I was driving my E39 540/6 today and I really had the heat cranking because it was about 20 degrees, when I started to smell something burning. I could smell the scent for a long period of time, checked it out later when I got home and I could smell it coming from the engine bay when I was in my garage. I searched the engine bay for anything burnt or smoke but no luck. Any ideas?


----------



## Lanc3r (Sep 5, 2004)

dagoo98 said:


> I was driving my E39 540/6 today and I really had the heat cranking because it was about 20 degrees, when I started to smell something burning. I could smell the scent for a long period of time, checked it out later when I got home and I could smell it coming from the engine bay when I was in my garage. I searched the engine bay for anything burnt or smoke but no luck. Any ideas?


belts, battery, fuses. Being more specific about the smell helps. Does it smell like: burnt oil, plastic/rubber, electrical?


----------



## Ohmess (May 29, 2003)

*An Idea*



dagoo98 said:


> I was driving my E39 540/6 today and I really had the heat cranking because it was about 20 degrees, when I started to smell something burning. I could smell the scent for a long period of time, checked it out later when I got home and I could smell it coming from the engine bay when I was in my garage. I searched the engine bay for anything burnt or smoke but no luck. Any ideas?
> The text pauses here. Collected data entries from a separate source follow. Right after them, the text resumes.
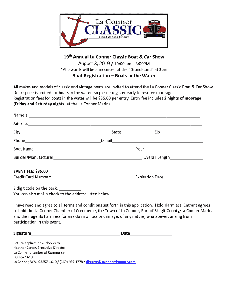 19th Annual La Conner Classic Boat & Car Show August 3, 2019 / 10:00 am 3:00PM *All awards will be announced at the Grandstand at 3pmBoat Registration Boats in the Water All makes and models of classic
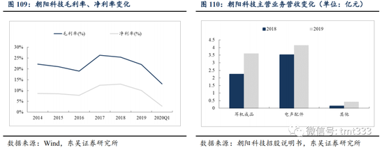 朝阳科技 2020Q1 毛利率 13.09%,同比下降 7.49 个百分点。净利率 2.79%,同比下 降 1.05 个百分点。朝阳科技主营业务为耳机和电声产品配件等。公司的耳机产品业务2019 年营收达到 3.6 亿元,同比增长 60.89%,其中 TWS 耳机营收上涨 1.36 亿元,成为公司的重要利润增长点。
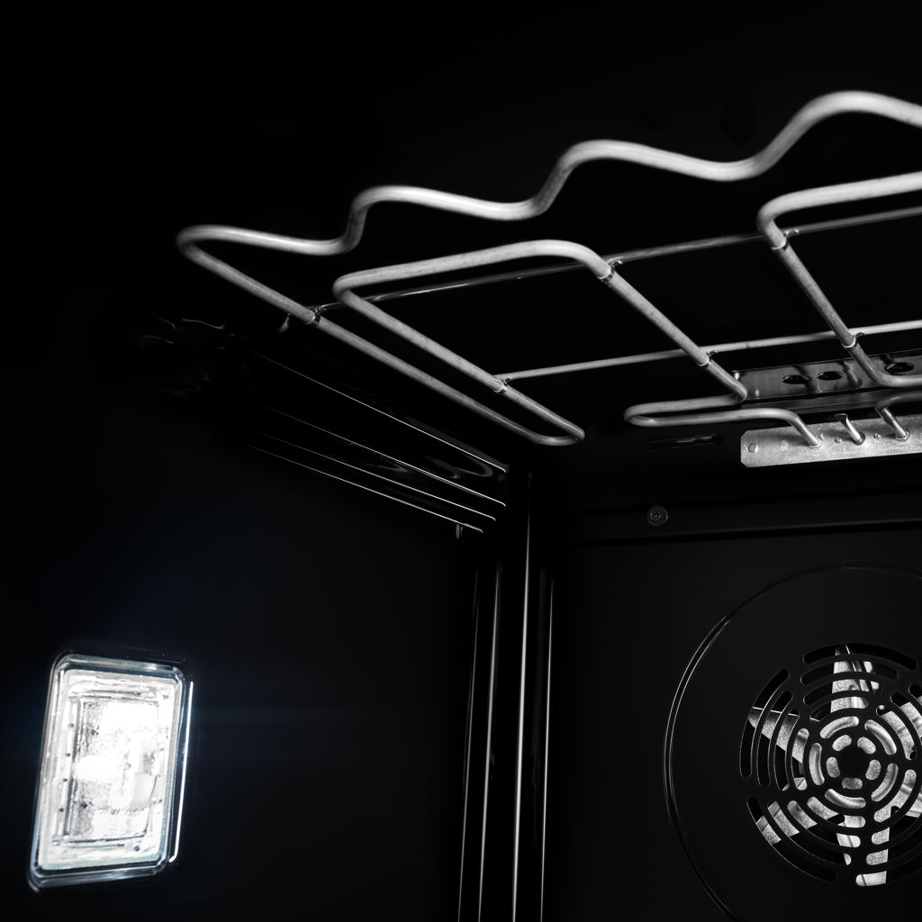 Une chaleur constante circulant par des lames métalliques tourbillonnantes se tisse autour de chaque support. Exercez vos prouesses culinaires, des pâtisseries feuilletées appétissantes aux rôtis irrésistibles.
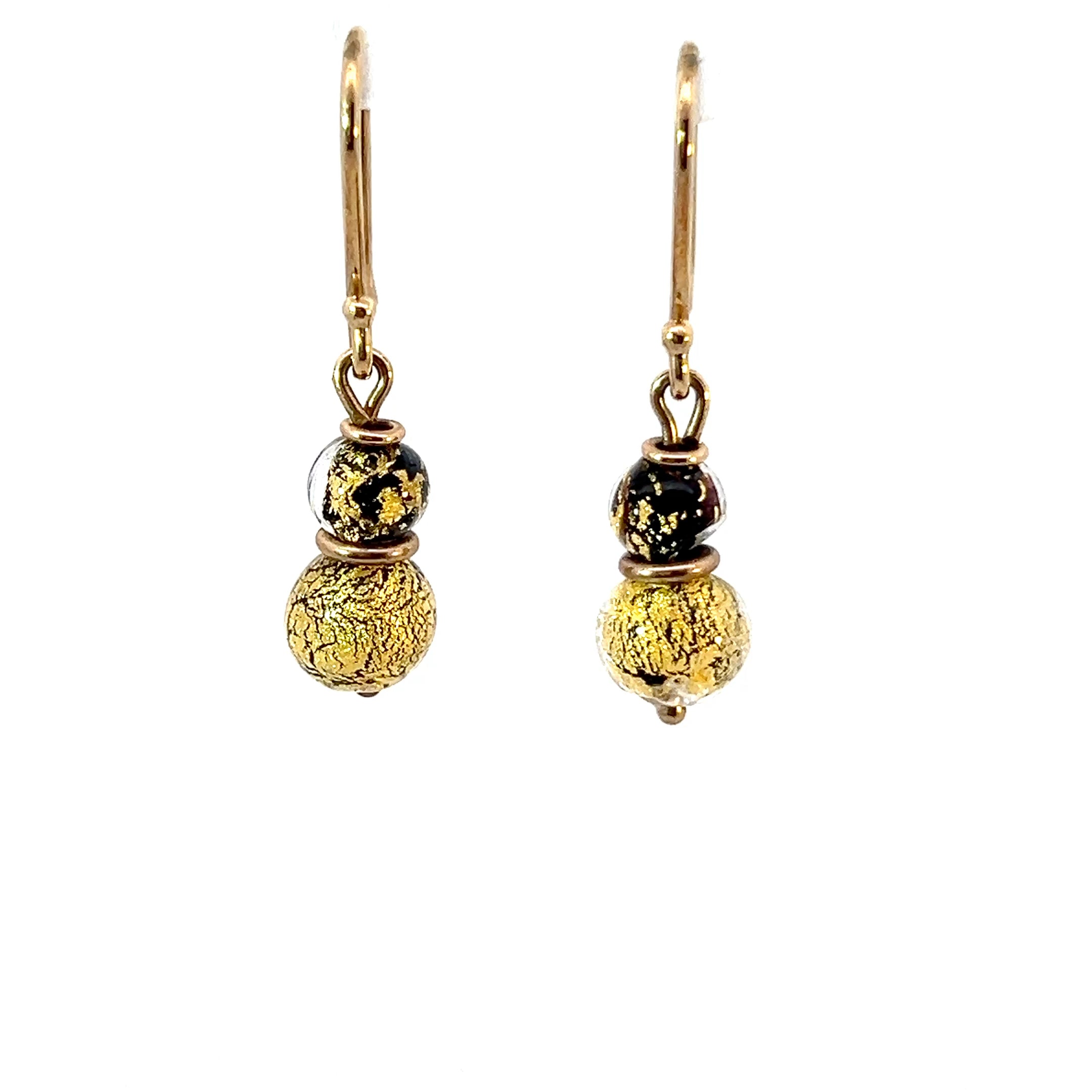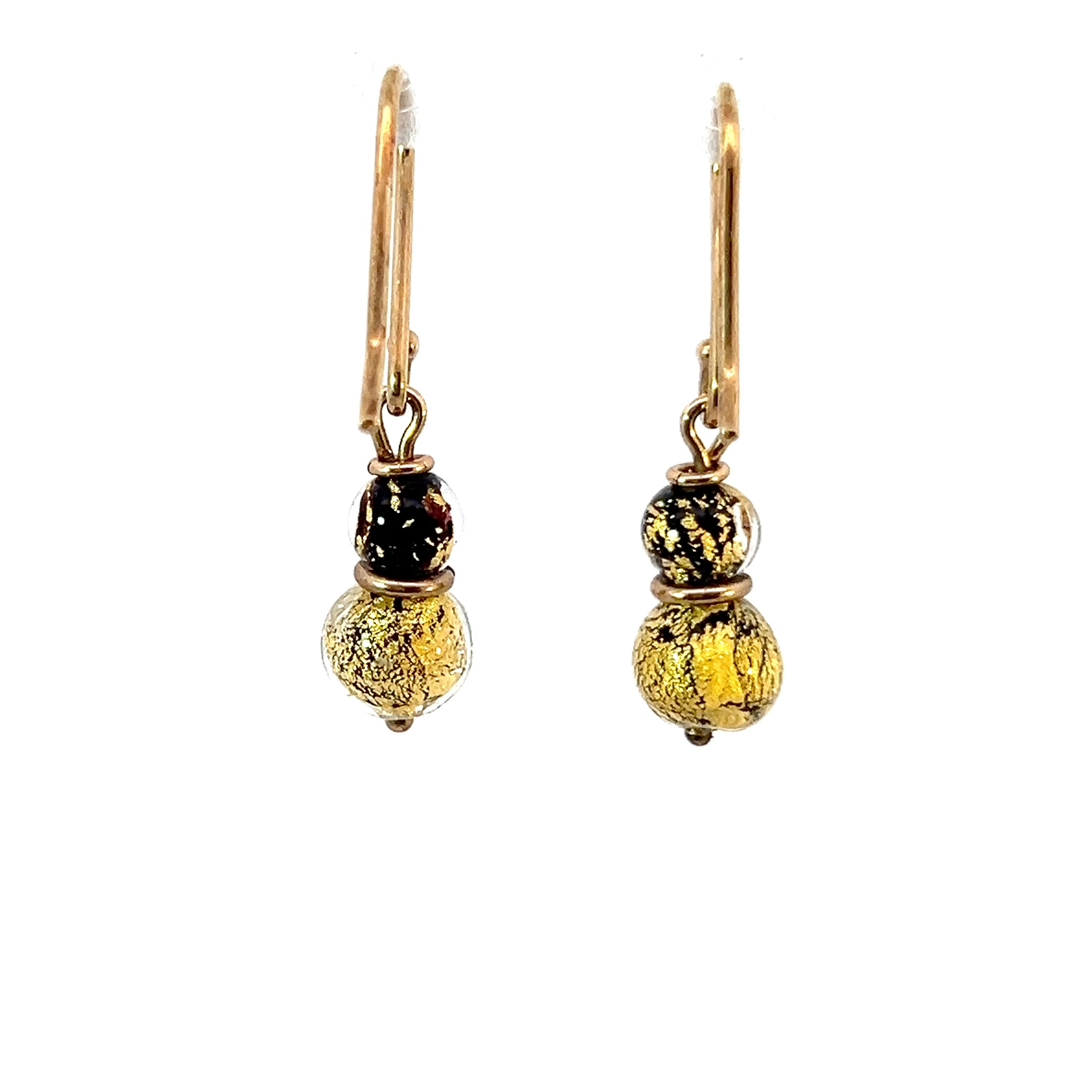 9ct Gold Murano Glass Beaded Gold Hook Earrings
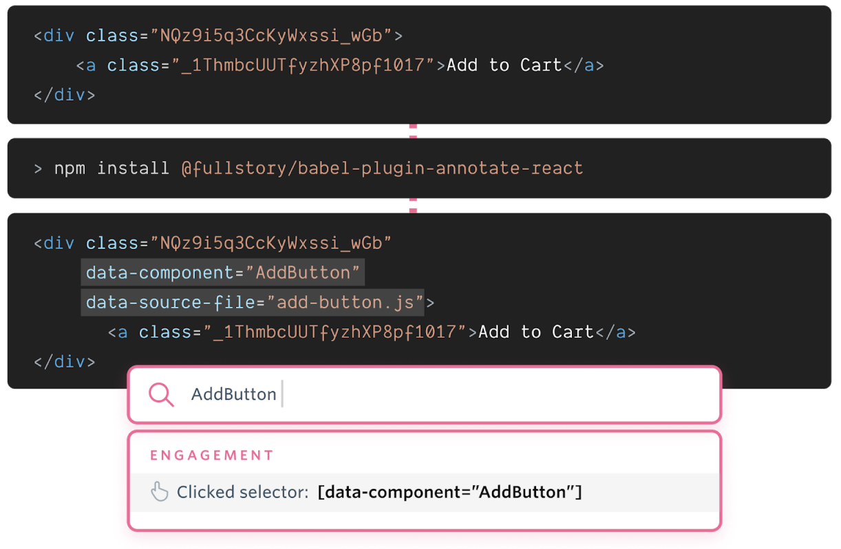 Taking inspiration from and building off of the awesome work David Sancho has done on the babel-plugin-transform-react-qa-classes project, we created a babel plugin that automatically adds data-component, data-element, and data-source-file attributes to React and React Native DOMs: @fullstory/babel-plugin-annotate-react. These values can be used to reliably identify page elements for end-to-end testing and when trying to understand user behavior (and protect user privacy) in FullStory.

Maybe you drove over the type of plastic bags that are used to deliver newspapers and one of them stuck to your exhaust system.


----------



## dagoo98 (Apr 23, 2004)

Ohmess said:


> Maybe you drove over the type of plastic bags that are used to deliver newspapers and one of them stuck to your exhaust system.


Smells more along the lines of this, definitely not oil or antifreeze. I was considering maybe burning wire insulation or some sort of electrical fire but now that you mention it, it was very windy yesterday and there were plenty of plastic bags flying all over the road so its possible that one of them got caught on the exhaust. I will look into this when I get home.


----------



## dentwgn (Jan 21, 2005)

*Burning Smell*

Funny That You Posted Ive Been Smelling Somewhat Of A Insulation Burning But A Hint Of Fall Leaves When The Heat Is On High But Comes And Gos 1 Every 10 Days In My Series E34. What Strange Is There Is No Smoke Just A Strong Oder


----------